- _Activity_:
Pictures stay out of the copy. Transcribe exactly the lines from the line with "KILN EFFECTS: touch" through the final line of the records.

Records from a data collection:
- Opening Delimiter -
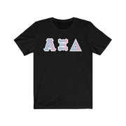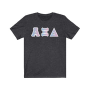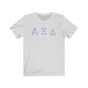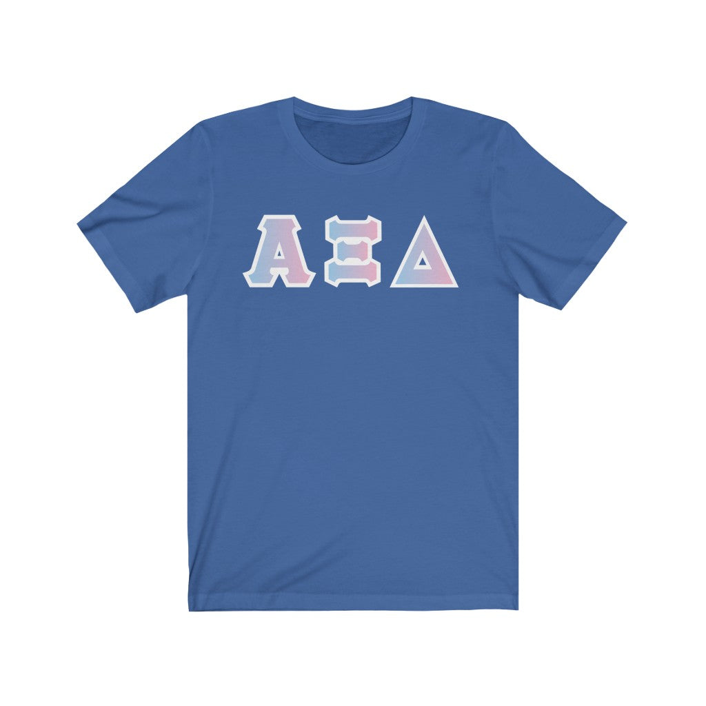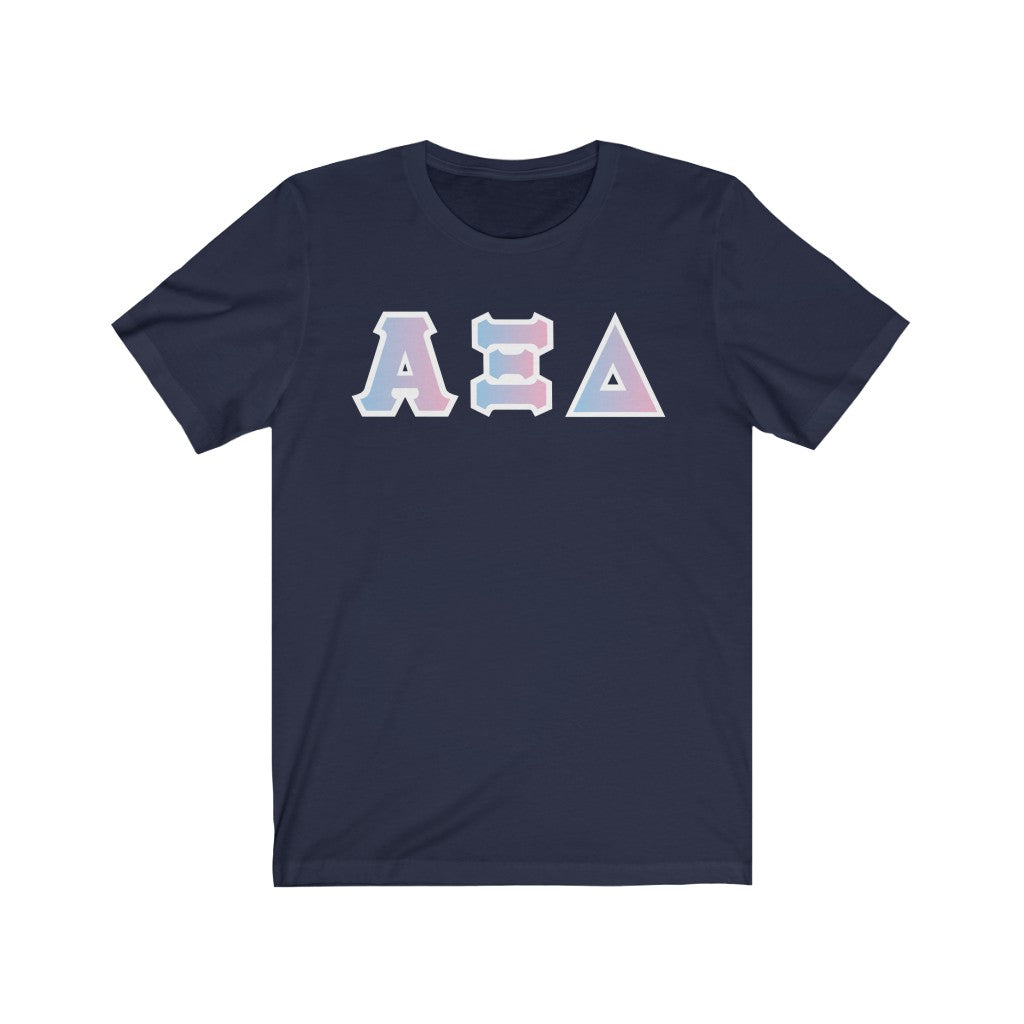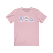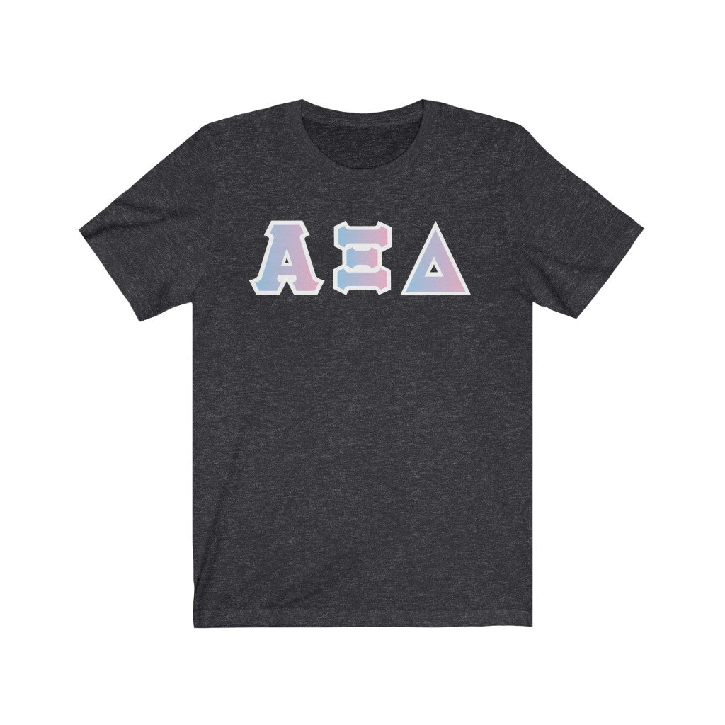 These Alpha Xi Delta sorority letters are printed NOT stitched. They come in a number of color and garment options.
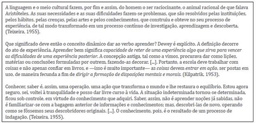Apesar destes apontamentos, ao explorar as inspirações teóricas desta segunda face do escolanovismo no Brasil (Cunha, 2000), fortemente ancoradas em John Dewey, percebe-se que ele "não desenvolve explicitamente um conceito de aprendizagem, mas seu conceito de experiência educativa se confunde com o de aprendizagem e este, por sua vez, com os conceitos de crescimento, desenvolvimento e adaptação" (Noguera-Ramirez, 2011, p. 248). Assim, nesta grade interpretativa, a aprendizagem é uma ferramenta para alcançar outros objetivos. Portanto, a aprendizagem como experiência pode ser entendida como um tipo de aperfeiçoamento constante das conduções individuais, implicando uma postura educativa frente à vida, como exemplificam os excertos seguintes.
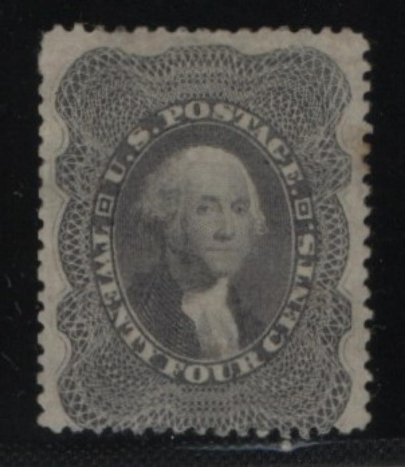 H, 24¢ gray, reperf at left, (3) large margins to in at bottom (Image)
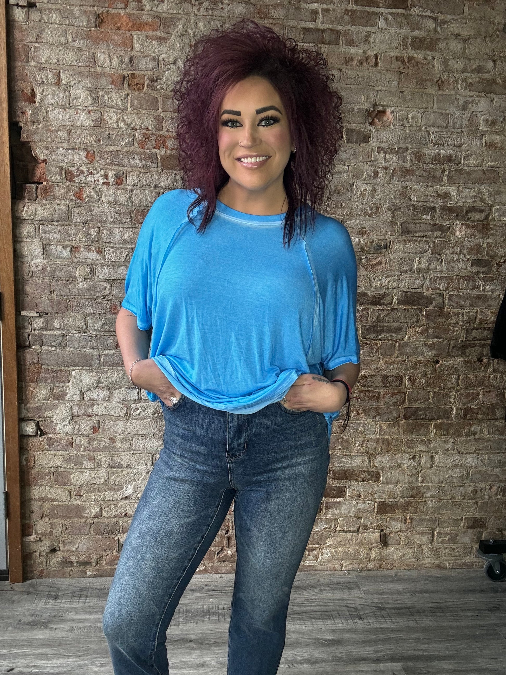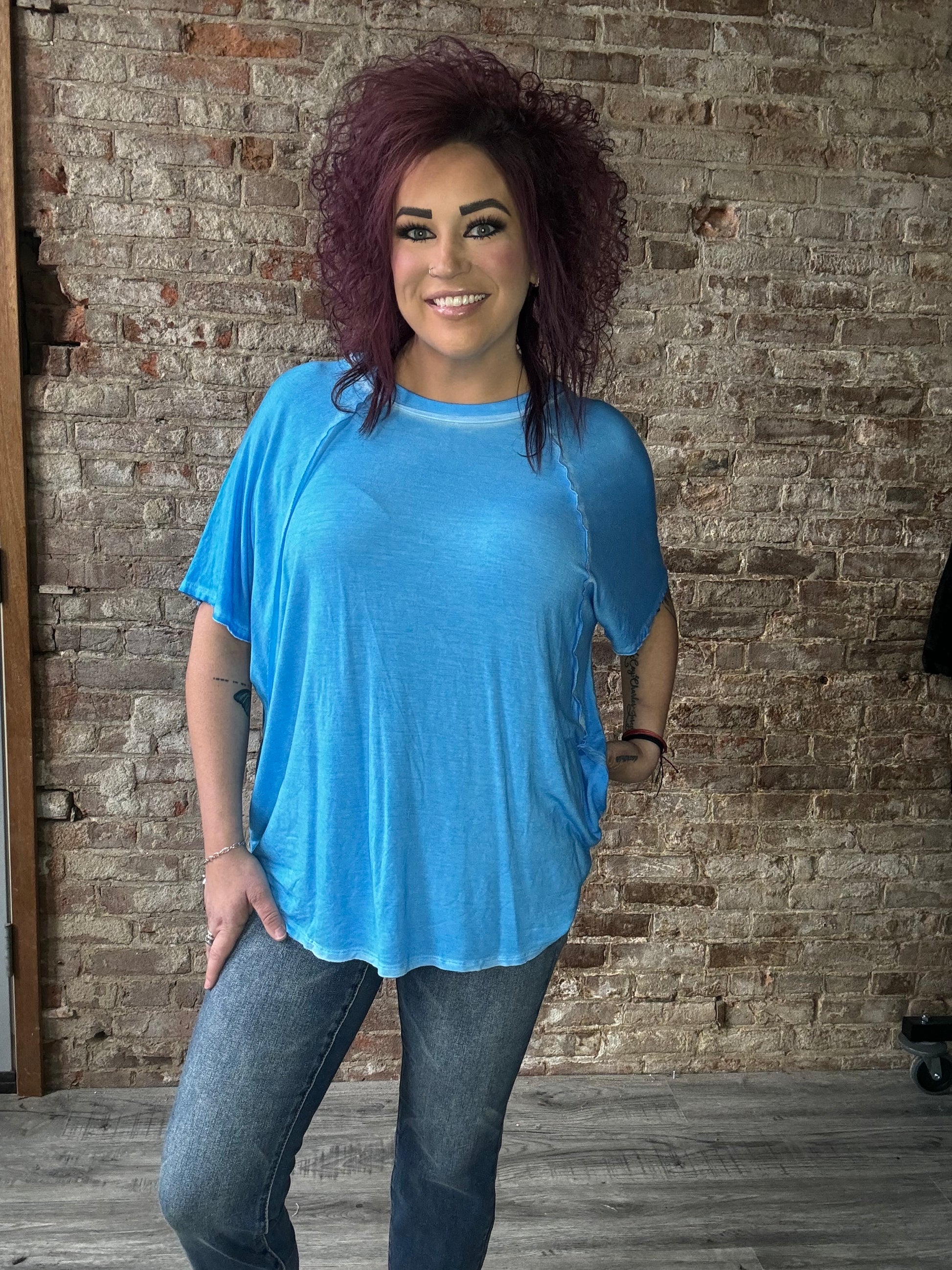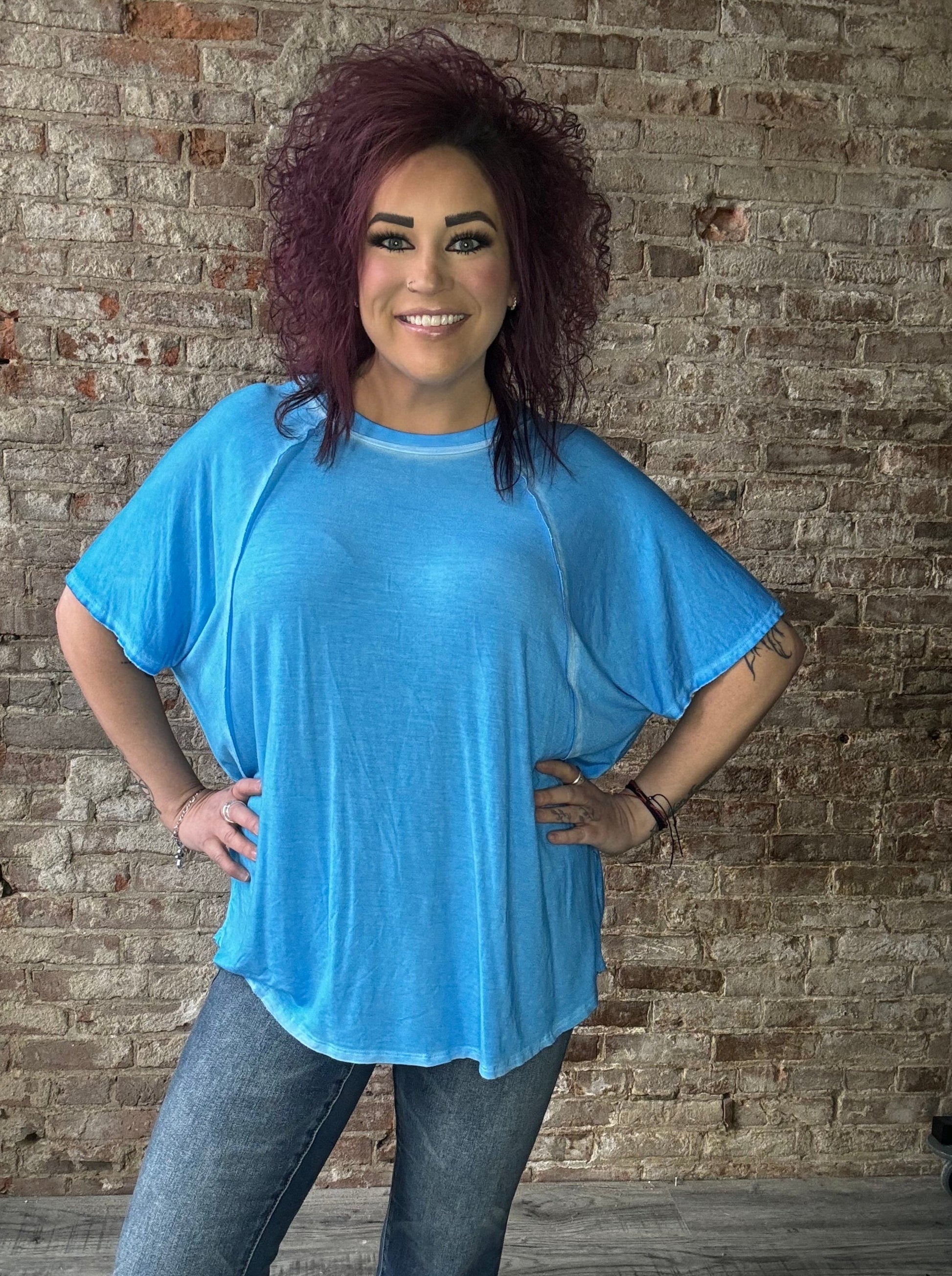 With a hi-low hem this dolman sleeve top is a great staple piece for any wardrobe.
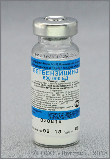 Ветбензицин-3 — лекарственное антибактериальное средство для лечения животных при болезнях бактериальной этиологии, пролонгированного действия в форме порошка для приготовления суспензии для внутримышечного введения 600000 ЕД.
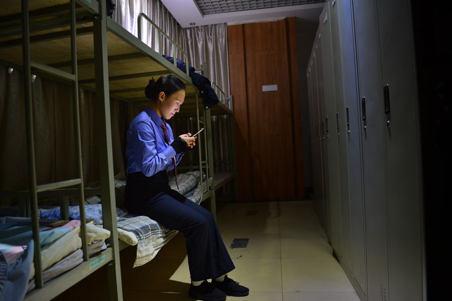 Yang Chenxue has a video chat with her parents after work in dormitory at Lanzhou Railway Station in Lanzhou, capital city of northwest China's Gansu Province, Jan. 5, 2020. (Xinhua/Ma Xiping)
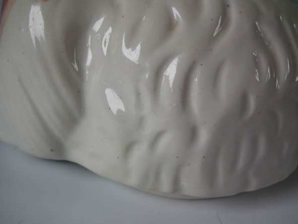 KILN EFFECTS: touch mark to right ear; thin glaze application to muzzle.
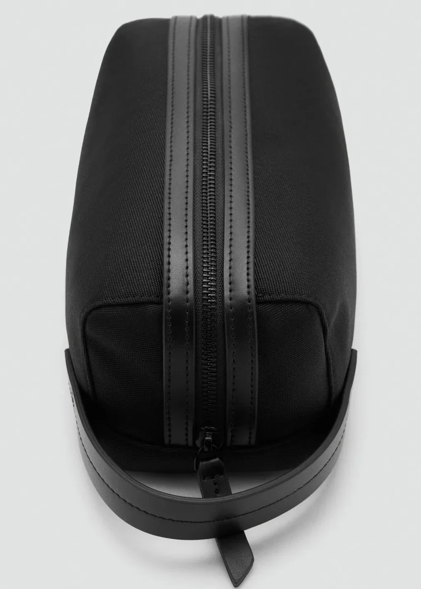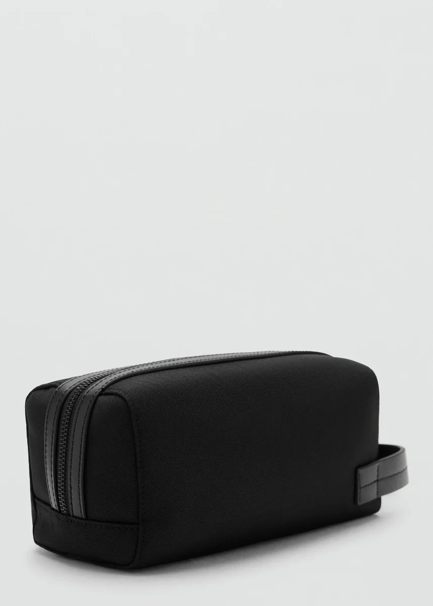 Dettagli in pelle. Chiusura con cerniera. Tasca interna con chiusura con cerniera. Manico corto laterale. 22 x 11 x 11 cm (lunghezza x altezza x larghezza)
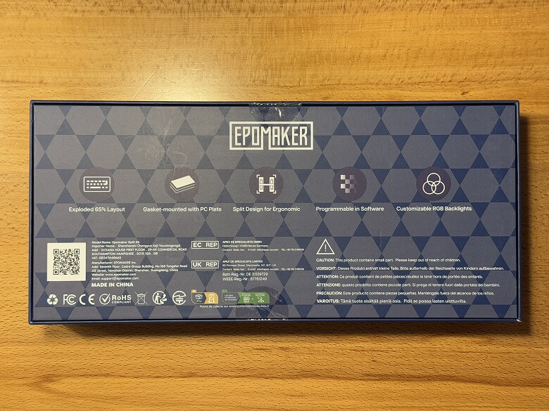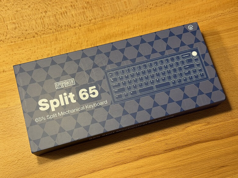 「Epomaker Split65」の外箱は、青を基調としたシンプルなデザインです。
- Closing Delimiter -
- _Result for this task_:
 KILN EFFECTS: touch mark to right ear; thin glaze application to muzzle.
 Dettagli in pelle. Chiusura con cerniera. Tasca interna con chiusura con cerniera. Manico corto laterale. 22 x 11 x 11 cm (lunghezza x altezza x larghezza)
 「Epomaker Split65」の外箱は、青を基調としたシンプルなデザインです。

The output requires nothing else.